In the recovery process, solely temporal power of beta and gamma frequency as well as the total spectrum in EEG showed moderate negative correlations with HF power of HRV. EDR only revealed a small positive correlation to the temporal cortex supposing the respiratory rate to be less related to the temporal lobe at rest than during exercise. These aspects taken together, the relation of HF power to the temporal cortex can be interpreted as a prolonged negative relation of multisensory and sensorimotor integration, working memory and emotional processes to parasympathetic activity independent of the actual body activity carried out. During short- and middle-term recovery of an exhausting exercise, changes in the ANS are still expected due to a study determining effects one hour after a cycling exercise (Spring et al., 2018).
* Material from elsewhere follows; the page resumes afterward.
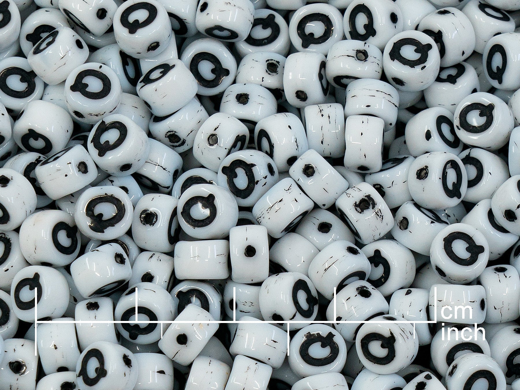 OUTLET 250g Pressed Czech Glass Letter Number Beads, 6 x 6 mm, (q), White Black Lined, Glass, Czech Republic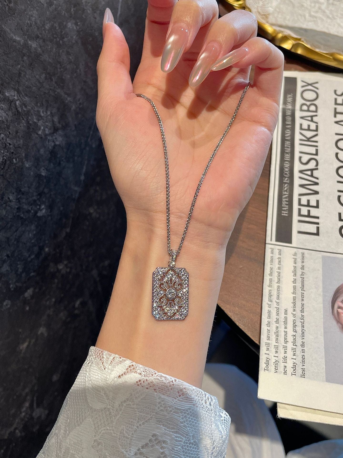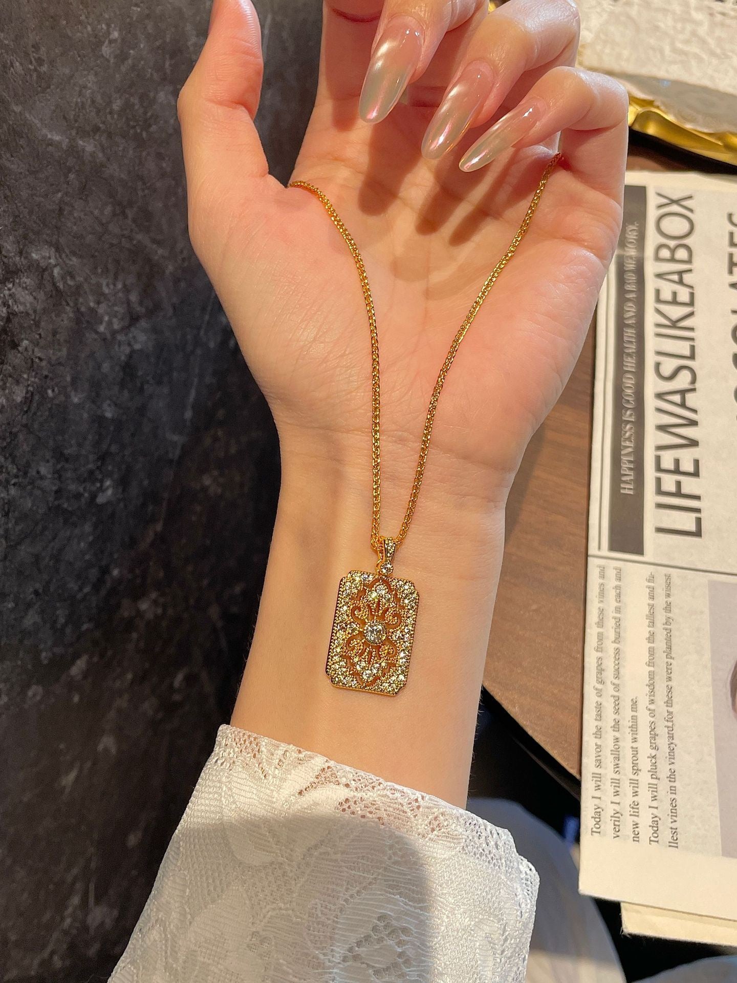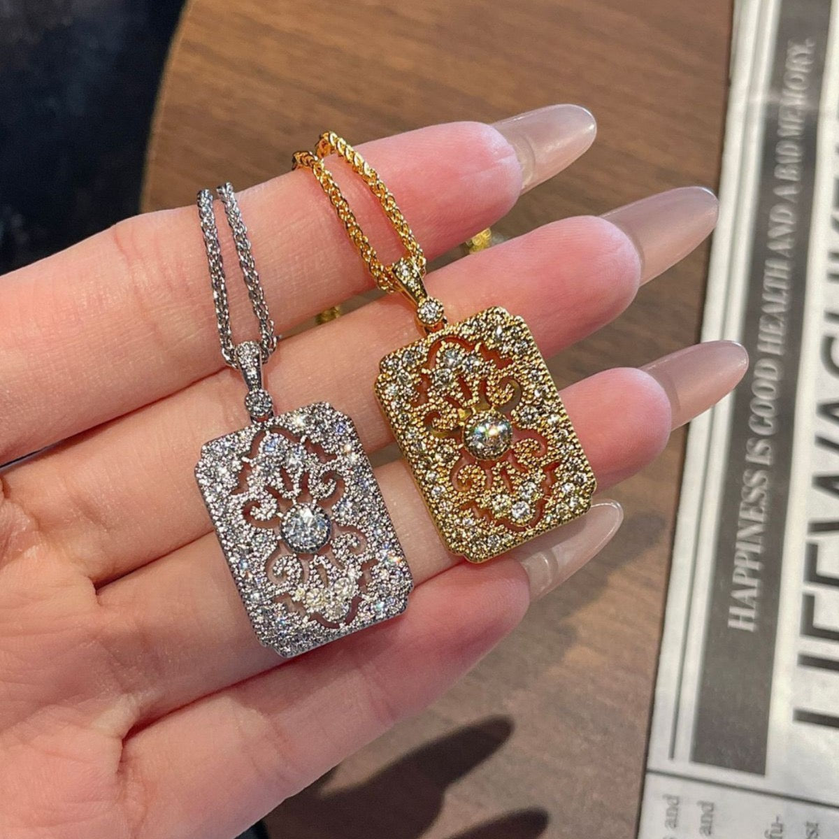 These necklaces boast a luxurious, vintage - inspired style. Crafted with high - quality alloys, they are lavishly inlaid with sparkling cubic zirconias. The intricate openwork design on the rectangular pendants adds an elegant touch. Ideal for elevating your daily look or making a statement at special events. A perfect blend of classic charm and trendy bling, they are must - haves for jewelry lovers seeking both style and substance

Also, iAPF showed less moderate correlations in recovery than during the GXT. Only frontal theta correlated moderately negative with iAPF. This difference to GXT related correlations could rely on the relaxed recovery without the necessity of higher level of anticipatory attention and cortical excitability in task relevant brain areas (regarding alpha power reduction) as well as multisensory processing (regarding temporal gamma power increase). The inverse relation of theta power and iAPF could indicate a prolonged, more efficient use of attentional resources also during recovery after physical exhaustion. Summarizing, the hypothesis of a general negative relationship of EEG total spectrum power to HRV frequency parameters and a general positive relationship of EEG total spectrum power to RPE cannot be verified. According to different brain lobes and HRV relations between GXT conduction and rest, the hypothesized dependency of total brain activity on peripheral physiology should be reconsidered. It is recommended to differentiate between brain lobes regarding the particular provoked frontopolar and temporal lobe in this study. Although the correlation effects were just of a moderate to slightly strong level, they give sufficient information to foster a more precise investigation of the relationship between brain activity and HRV.

Overall, this study corroborates the existence of a (neuro-) physiological and subjectively perceived strain and their interaction evoked by pure, exhaustive physical activity. To our knowledge, the revealed effects in the temporal lobe may be declared as novel findings, as such that the temporal lobe also seems to play an important role in the interaction of brain activity and the cardiovascular system, next to the PFC. Furthermore, according to the original interpretation of Fisher’s statistics our results provide enough basis to be encouraged to conduct further similar studies. An analysis of brain lobe connectivity or a windowed Fourier analysis to compare time-dependent alterations in context with HRV presents further interesting research intentions. Based on the results of this study, we strongly recommend considering possible effects of pure physical activity in studies with an additional research question.